Maintaining stubble provides drainage structure, an environment for worms and other soil creatures which improve soil condition. Roots and stubble anchor soil.

When sowing into the previous crop’s stubble, the RTK (Real Time Kinematic) global navigation satellite system now available on the farms means that the second crop (e.g. beans) can be sown precisely between the wheat stubble rows.
The system can also be used to relay drill cover crops between the lines of the growing main crop. OSR is broadcast directly, together with slug pellets if needed, by the Autocast which comprises a seed hopper attached behind the combine header; a fan and a manifold distribute seed to spreading plates and a land wheel meters the seed.
The combine used on the farm has a Shelbourne Reynolds stripper header which leaves stubble standing in the field. This speeds up combining and leaves an ideal environment for the subsequent crop (and for trapping incoming windblown soil). Crop establishment costs: Tony made a broad-brush estimate that CA crop production costs are around £30/ha compared with £266/ha for conventionally tilled crops. Some of this saving is due to lower fuel bills as diesel consumption, and the table shows the fuel use per ha since 2004-5, after zerotilling had been introduced.

Crop yields: It is to be expected that soils damaged by conventional tillage will need time to heal and re-establish their natural structure of aggregates, pores and channels; and this has been Tony’s experience. Yields in year one after adopting CA were not noticeably lower, however years two to five may show a dip until pre-switch levels were re-achieved in year 6. From then on yields continued to rise before stabilising in year eight at a level higher than year zero. Tony continues to investigate why this yield dip in years 2 to 5 occurs on some soils but not others.

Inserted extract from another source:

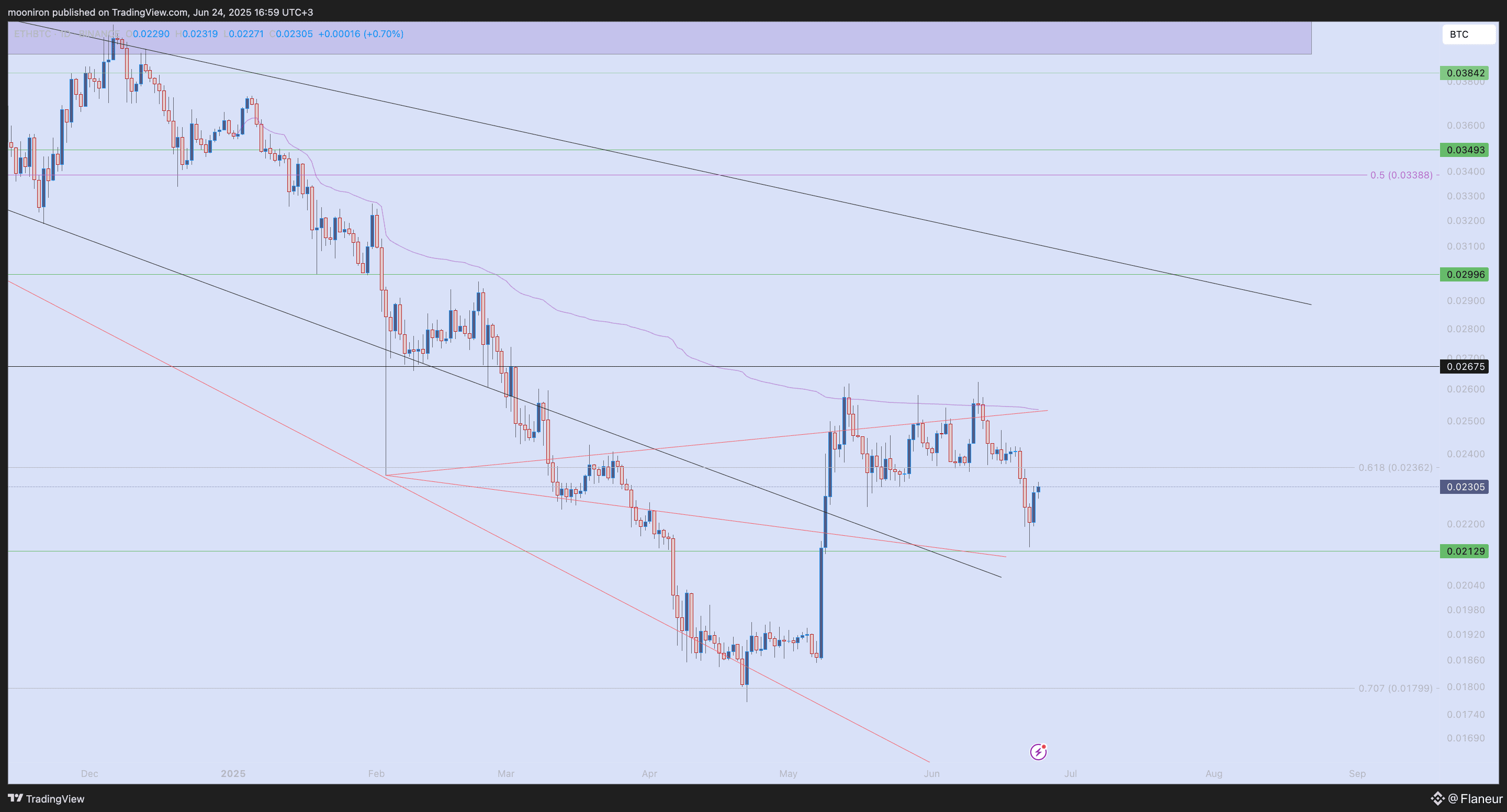 The structure of lower highs and higher lows has broken to the downside. However, it currently appears to have found support at the 0.022 region, which I have been mentioning for a long time. Since I expect sharp movements when we see a rise from here, it would be logical to include ETH in long positions. However, for a more significant position, it might be better to wait for a sustained hold above 0.026; otherwise, the trend is still downwards.

Earthworms are crucial to the soil rehabilitation process and their numbers quickly rise under a no-till and residue retention regime (Figure 6). Tony has made some measurements and he found 47 earthworms in one sample of his notill soil, whereas his neighbour, on the other side of the fence and with the same soil but ploughed each cropping season, had only one worm in the same volume of soil. The average worm count on the farm is between 80 and 90 under an area of 1m2, the aim is to achieve 140-150/ m2.

Soil Carbon Levels: During the soil recuperation process, and beyond, soil carbon levels have continued to rise. The soil organic carbon (SOC) levels were measured by the Uni of Reading as:

2003 – 2.1% (low)
2007 – 4.6% (good)
2014 – 6.3% (v good)

SOC indicates soil fertility and so levels of P and K application have fallen by 80% each and N by 50% over the same period.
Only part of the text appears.